Segment Start: Information provided
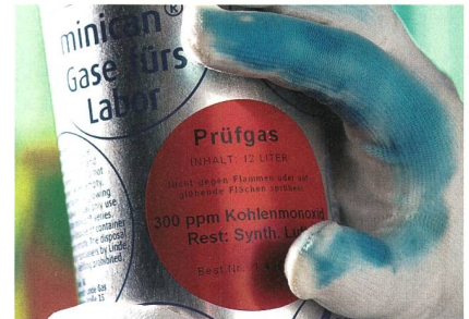
Der Sensorhandschuh färbt sich in Gegenwart eines Gefahrstoffs blau.
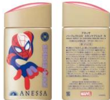
スパイダーマンパッケージ

日本では「スパイダーマン」「ヒーロー集合デザイン」「ブラックウイドウ」の全 3 品を発売し、「ブラックウイドウ」パッケージは日本限定展開となります。「ヒーロー集合デザイン」パッケージ裏面には、小さなヒーロー「アントマン」のデザインが”実寸大サイズ”で 2 パターン描かれており、どちらが入っているか外袋からは見えないため、開封してからの楽しみです。
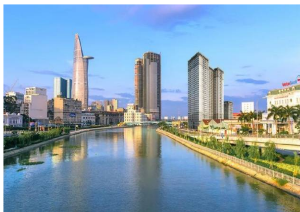
Một góc TP.HCM

B áo Giao thông nêu ý kiến đánh giá của Bí thư Tỉnh ủy Bình Thuận và Bí thư Tỉnh ủy Long An về ảnh hưởng của TP.HCM đến sự phát triển của các tỉnh thành phía Nam.
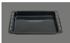
> Weblink 500.000.115.00 / CHF 96.- Teglia extra profonda 50 mm
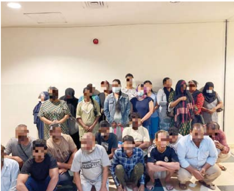
ضبط 26 مخالفاً

ذكرت الإدارة العامة للعلاقات والإعلام الأمني بوزارة الداخلية، أن الحملات الأمنية للإدارة العامة لمباحث شؤون الإقامة، أسفرت عن ضبط 6 مكاتب خدم وهمية، وعدد 26 مخالفين لقانون الإقامة والعمل من مختلف الجنسيات (تغيب – انتهاء إقامة – متسولين) على مستوى جميع المحافظات وتم إحالتهم إلى جهة الاختصاص لاتخاذ الإجراءات اللازمة بحقهم.
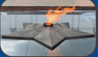
Могила Неизвестного Солдата (XX век)
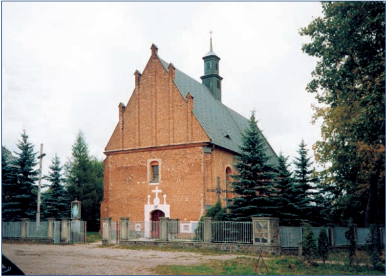
Chojnata — la iglesia de 1653 donde durante la predicación Padre Papczynski dio a conocer, a través de una visión que tuvo, la victoria de Juan III Sobieski en Chocim, 11 de noviembre de 1673.
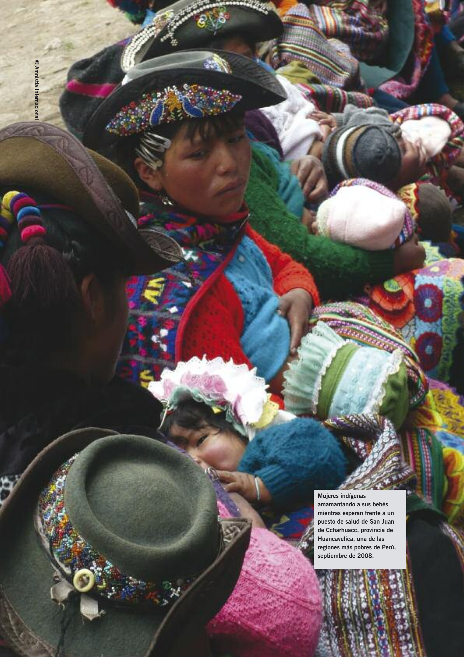
Mujeres indígenas amamantando a sus bebés mientras esperan frente a un puesto de salud de San Juan de Ccharhuacc, provincia de Huancavelica, una de las regiones más pobres de Perú, septiembre de 2008.
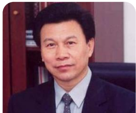
杨步亭 原中影集团董事长

杨步亭： 历任中国电影科研所所长，国家广电总局电影事业局副局长，中影集团董事长，中国电影发行放映协会会长，中国电影海外推广有限责任公司董事长。
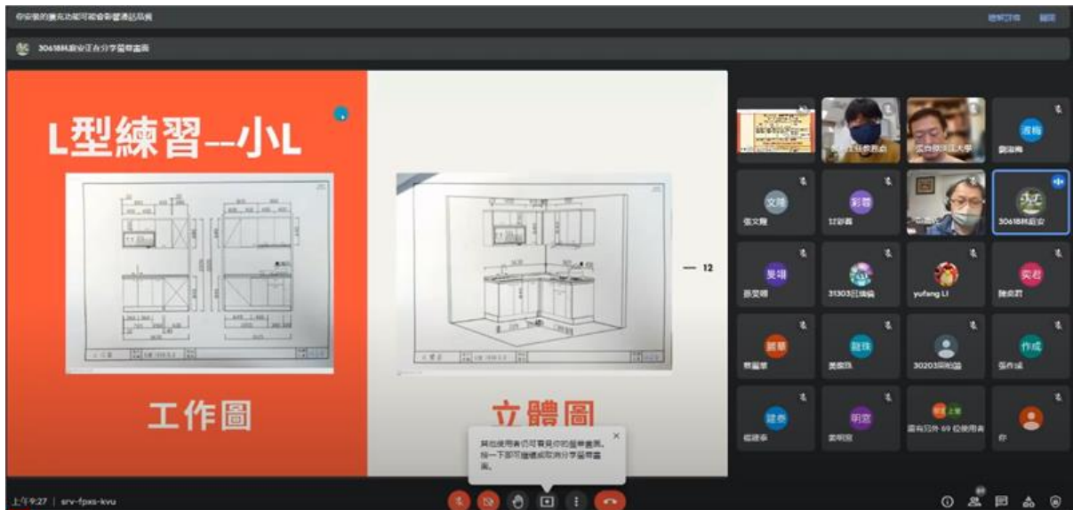
與淡大對談學習歷程檔案工作坊
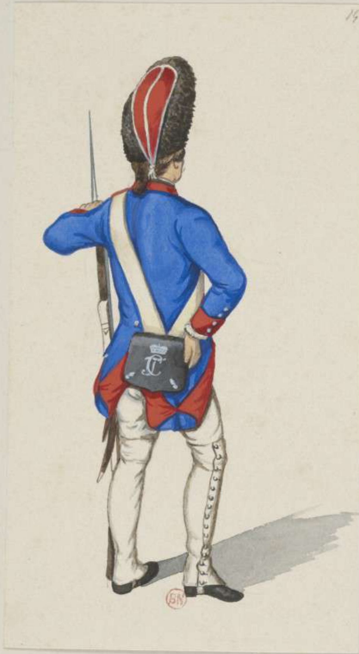
14 o - 10, Infanterie Regiment von Lodron
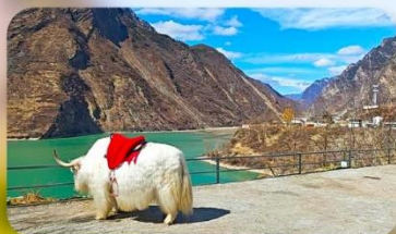
กะเลสาบเต๋อซี
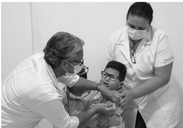
Criança é imunizada contra a Covid na UBS da Vila Fabri, posto de vacinação infantil.

A Secretaria de Saúde divulgou o cronograma de vacinação infantil contra a Covid que é realizada apenas na UBS da Vila Fabri, das 13 às 16h30. A campanha teve início na última quinta-feira, 20, com a imunização de crianças de 6 a 11 anos com comorbidades e necessidades especiais, que continua sendo feita para este grupo.
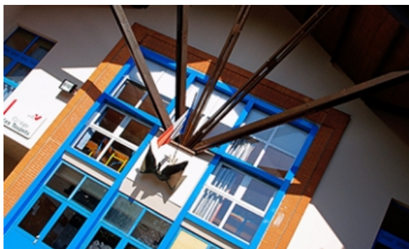
Collège Les Toupets 46 avenue Louise Michel Tél. 01 30 73 20 22
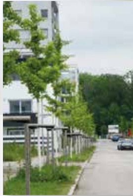
Die Ginkgobäume im Ernst-Bauer-Weg sind für Bienen uninteressant.
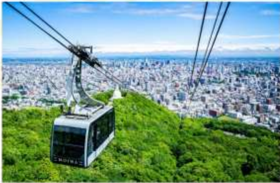
MT. MOIWA (CABLE CAR)
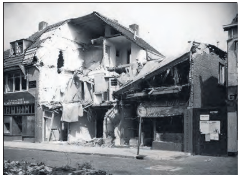
Het Emmaplein na het bombardement van 29 november 1944.

in Nederland en sinds 1 januari 1944 gevestigd was in Bilthoven-Noord (tussen Hasebroeklaan, Bolderdijklaan en Tollenslaan). Dat ging wel eens mis. Zo ook op 29 november 1944 toen met name het Emmaplein zwaar werd geraakt. De puinhopen bleven lang liggen en men sprak van 'Het Pompei van Bilthoven'. Begin jaren 50 werden de drie vernielde winkelpanden herbouwd.
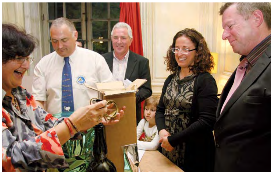
▲ Échange de cadeaux « d'anniversaire »

Apparu après la seconde Guerre mondiale, le jumelage permet de tisser des liens économiques, sociaux et culturels avec plusieurs pays. Un rapprochement que la ville de Sassenage a opéré avec l'Allemagne (Messkirch) et l'Italie (Sasso Marconi).
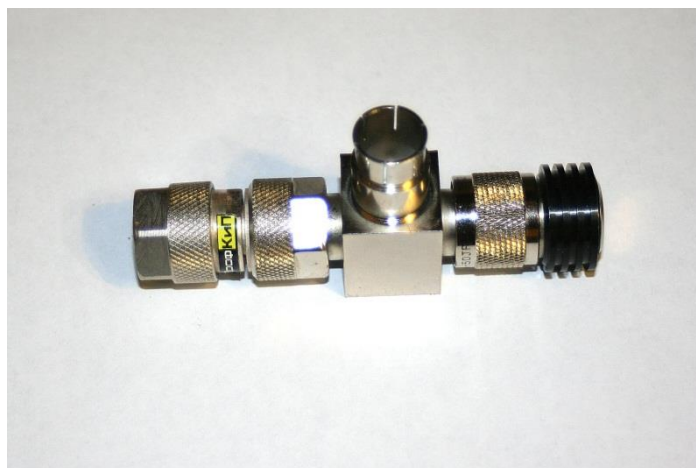
Рисунок 5 – Общий вид ВЧ тройника (ПРШН411252.020-04) с согласованной нагрузкой 50 Ом (ПРШН411252.020-05)
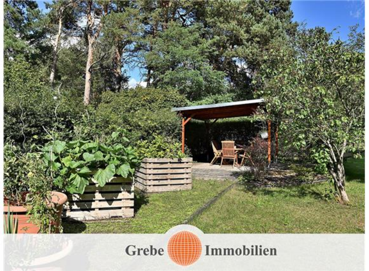
Ruhe und Erholung
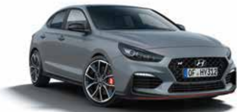
i30 Fastback N pachet „Performance” (275 CP)
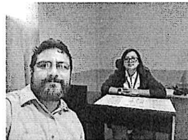
Participación en la entrega de libros de Editorial Cultura en la Escuela Urbana No. 43 Pedro José Valenzuela, Castillo Lara zona 07
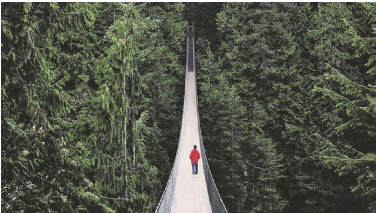
Les nouveaux horizons du voyage
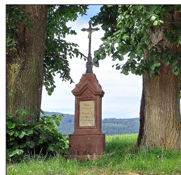
Opakovaně odlomený a vpsledku nekompletní litinový kříž byl nahrazen obdobným historickým kusem, Kristus porýzený ještě Ignácem Holubcem na něj byl přenesen.
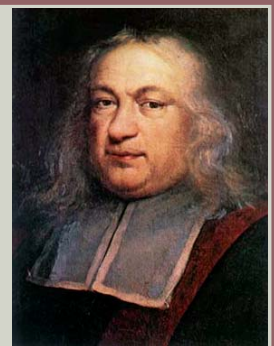
Pierre Fermat (1601 -1665)

encontró a la pareja amistosa 9.363.584 y 9.437.056. El gran Euler tuvo un gaza-po en sus cálculos cuando construyó una tabla con 64 parejas de amigos, de los que más tarde se demostraría que una pareja era de falsos amigos. Resulta
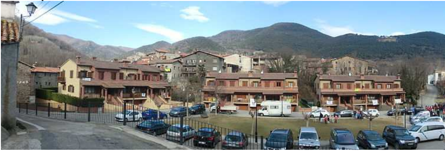
Pla dels Tiradors de Riudaura amb pancartes contra la fracturació hidràulica en l'inici d'una caminada popular contra aquesta tècnica.

L'octubre de 2012 l'empresa Teredo Oils Limited va rebre l'autorització de la Generalitat de Catalunya per realitzar la perforació de dos pous a Riudaura amb la finalitat d'investigar sobre l'existència d'hidrocarburs del subsòl. De seguida es va crear una forta oposició a les prospeccions, ja que se sospitava que en cas de trobar gas o petroli l'empresa l'extrauria mitjançant la tècnica de la fracturació hidràulica o fracking. La població de Riudaura i de la resta de municipis afectats es va mobilitzar i es va crear la Plataforma Riudaura Junts contra el Fracking. Al 2013, diversos partits polítics amb representació al Parlament de Catalunya van signar el Compromís del Bover a la masia homònima propera a un dels pous oberts als anys 60, per prohibir la fracturació hidràulica a Catalunya.
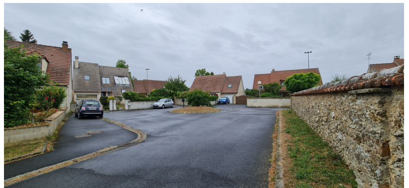
Espace de demi-tour au milieu de la rue Le cimetière est à droite
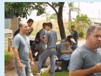
Eventos envolvem todos os colaboradores em programações realizadas durante o ano todo.

O Jornal Printbill em Ação é uma publicação impressa trimestral que é distribuída ao setor, no intuito de fornecer as mais diversas e atuais informações sobre os assuntos que a empresa participa, também em versão virtual disponibilizada no website www.printbill.com.br
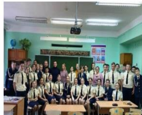
Добрянская школа № 1 (Кадетская школа), встреча с участником СВО
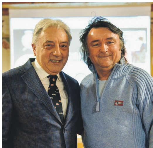
L'ex pilota di F1 René Arnoux assieme al nostro collaboratore Attilio Facconi. A destra foto ricordo del pilota francese con i ragazzi della Scuola di Karting Tazio Nuvolari Italia presso il Kartodromo di Bagnolo San Vito

Ritenuto come uno dei più veloci di tutto il Circus, secondo molti non riuscì mai ad esprimere appieno il suo potenziale, ma è ricordato come una delle figure più celebri della Formula 1.
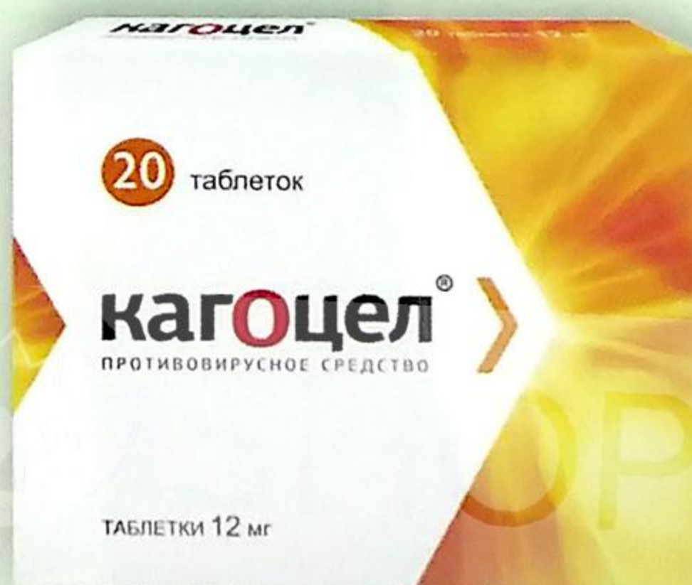
Кагоцел таб. 12 мг №20
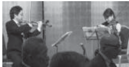
心地よい音色 ヴァイオリンデュオの演奏
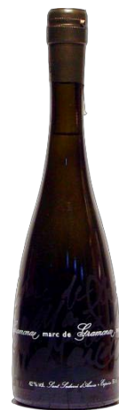
Marc de Cava

Orujo de albariño frambuesa macerat 3 mesos
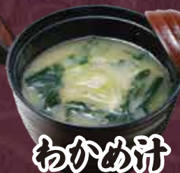
わかめ汁 150円(税込165円)
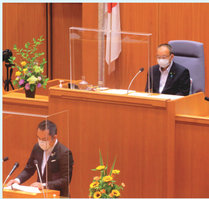
鈴木英敬知事 登壇
Segment End: Information provided
* _Instructions for the task_
Print each of the records above exactly as written, leaving no picture in the copy.

* _Answer space_
Der Sensorhandschuh färbt sich in Gegenwart eines Gefahrstoffs blau.
スパイダーマンパッケージ

日本では「スパイダーマン」「ヒーロー集合デザイン」「ブラックウイドウ」の全 3 品を発売し、「ブラックウイドウ」パッケージは日本限定展開となります。「ヒーロー集合デザイン」パッケージ裏面には、小さなヒーロー「アントマン」のデザインが”実寸大サイズ”で 2 パターン描かれており、どちらが入っているか外袋からは見えないため、開封してからの楽しみです。
Một góc TP.HCM

B áo Giao thông nêu ý kiến đánh giá của Bí thư Tỉnh ủy Bình Thuận và Bí thư Tỉnh ủy Long An về ảnh hưởng của TP.HCM đến sự phát triển của các tỉnh thành phía Nam.
> Weblink 500.000.115.00 / CHF 96.- Teglia extra profonda 50 mm
ضبط 26 مخالفاً

ذكرت الإدارة العامة للعلاقات والإعلام الأمني بوزارة الداخلية، أن الحملات الأمنية للإدارة العامة لمباحث شؤون الإقامة، أسفرت عن ضبط 6 مكاتب خدم وهمية، وعدد 26 مخالفين لقانون الإقامة والعمل من مختلف الجنسيات (تغيب – انتهاء إقامة – متسولين) على مستوى جميع المحافظات وتم إحالتهم إلى جهة الاختصاص لاتخاذ الإجراءات اللازمة بحقهم.
Могила Неизвестного Солдата (XX век)
Chojnata — la iglesia de 1653 donde durante la predicación Padre Papczynski dio a conocer, a través de una visión que tuvo, la victoria de Juan III Sobieski en Chocim, 11 de noviembre de 1673.
Mujeres indígenas amamantando a sus bebés mientras esperan frente a un puesto de salud de San Juan de Ccharhuacc, provincia de Huancavelica, una de las regiones más pobres de Perú, septiembre de 2008.
杨步亭 原中影集团董事长

杨步亭： 历任中国电影科研所所长，国家广电总局电影事业局副局长，中影集团董事长，中国电影发行放映协会会长，中国电影海外推广有限责任公司董事长。
與淡大對談學習歷程檔案工作坊
14 o - 10, Infanterie Regiment von Lodron
กะเลสาบเต๋อซี
Criança é imunizada contra a Covid na UBS da Vila Fabri, posto de vacinação infantil.

A Secretaria de Saúde divulgou o cronograma de vacinação infantil contra a Covid que é realizada apenas na UBS da Vila Fabri, das 13 às 16h30. A campanha teve início na última quinta-feira, 20, com a imunização de crianças de 6 a 11 anos com comorbidades e necessidades especiais, que continua sendo feita para este grupo.
Collège Les Toupets 46 avenue Louise Michel Tél. 01 30 73 20 22
Die Ginkgobäume im Ernst-Bauer-Weg sind für Bienen uninteressant.
MT. MOIWA (CABLE CAR)
Het Emmaplein na het bombardement van 29 november 1944.

in Nederland en sinds 1 januari 1944 gevestigd was in Bilthoven-Noord (tussen Hasebroeklaan, Bolderdijklaan en Tollenslaan). Dat ging wel eens mis. Zo ook op 29 november 1944 toen met name het Emmaplein zwaar werd geraakt. De puinhopen bleven lang liggen en men sprak van 'Het Pompei van Bilthoven'. Begin jaren 50 werden de drie vernielde winkelpanden herbouwd.
▲ Échange de cadeaux « d'anniversaire »

Apparu après la seconde Guerre mondiale, le jumelage permet de tisser des liens économiques, sociaux et culturels avec plusieurs pays. Un rapprochement que la ville de Sassenage a opéré avec l'Allemagne (Messkirch) et l'Italie (Sasso Marconi).
Рисунок 5 – Общий вид ВЧ тройника (ПРШН411252.020-04) с согласованной нагрузкой 50 Ом (ПРШН411252.020-05)
Ruhe und Erholung
i30 Fastback N pachet „Performance” (275 CP)
Participación en la entrega de libros de Editorial Cultura en la Escuela Urbana No. 43 Pedro José Valenzuela, Castillo Lara zona 07
Les nouveaux horizons du voyage
Opakovaně odlomený a vpsledku nekompletní litinový kříž byl nahrazen obdobným historickým kusem, Kristus porýzený ještě Ignácem Holubcem na něj byl přenesen.
Pierre Fermat (1601 -1665)

encontró a la pareja amistosa 9.363.584 y 9.437.056. El gran Euler tuvo un gaza-po en sus cálculos cuando construyó una tabla con 64 parejas de amigos, de los que más tarde se demostraría que una pareja era de falsos amigos. Resulta
Pla dels Tiradors de Riudaura amb pancartes contra la fracturació hidràulica en l'inici d'una caminada popular contra aquesta tècnica.

L'octubre de 2012 l'empresa Teredo Oils Limited va rebre l'autorització de la Generalitat de Catalunya per realitzar la perforació de dos pous a Riudaura amb la finalitat d'investigar sobre l'existència d'hidrocarburs del subsòl. De seguida es va crear una forta oposició a les prospeccions, ja que se sospitava que en cas de trobar gas o petroli l'empresa l'extrauria mitjançant la tècnica de la fracturació hidràulica o fracking. La població de Riudaura i de la resta de municipis afectats es va mobilitzar i es va crear la Plataforma Riudaura Junts contra el Fracking. Al 2013, diversos partits polítics amb representació al Parlament de Catalunya van signar el Compromís del Bover a la masia homònima propera a un dels pous oberts als anys 60, per prohibir la fracturació hidràulica a Catalunya.
Espace de demi-tour au milieu de la rue Le cimetière est à droite
Eventos envolvem todos os colaboradores em programações realizadas durante o ano todo.

O Jornal Printbill em Ação é uma publicação impressa trimestral que é distribuída ao setor, no intuito de fornecer as mais diversas e atuais informações sobre os assuntos que a empresa participa, também em versão virtual disponibilizada no website www.printbill.com.br
Добрянская школа № 1 (Кадетская школа), встреча с участником СВО
L'ex pilota di F1 René Arnoux assieme al nostro collaboratore Attilio Facconi. A destra foto ricordo del pilota francese con i ragazzi della Scuola di Karting Tazio Nuvolari Italia presso il Kartodromo di Bagnolo San Vito

Ritenuto come uno dei più veloci di tutto il Circus, secondo molti non riuscì mai ad esprimere appieno il suo potenziale, ma è ricordato come una delle figure più celebri della Formula 1.
Кагоцел таб. 12 мг №20
心地よい音色 ヴァイオリンデュオの演奏
Marc de Cava

Orujo de albariño frambuesa macerat 3 mesos
わかめ汁 150円(税込165円)
鈴木英敬知事 登壇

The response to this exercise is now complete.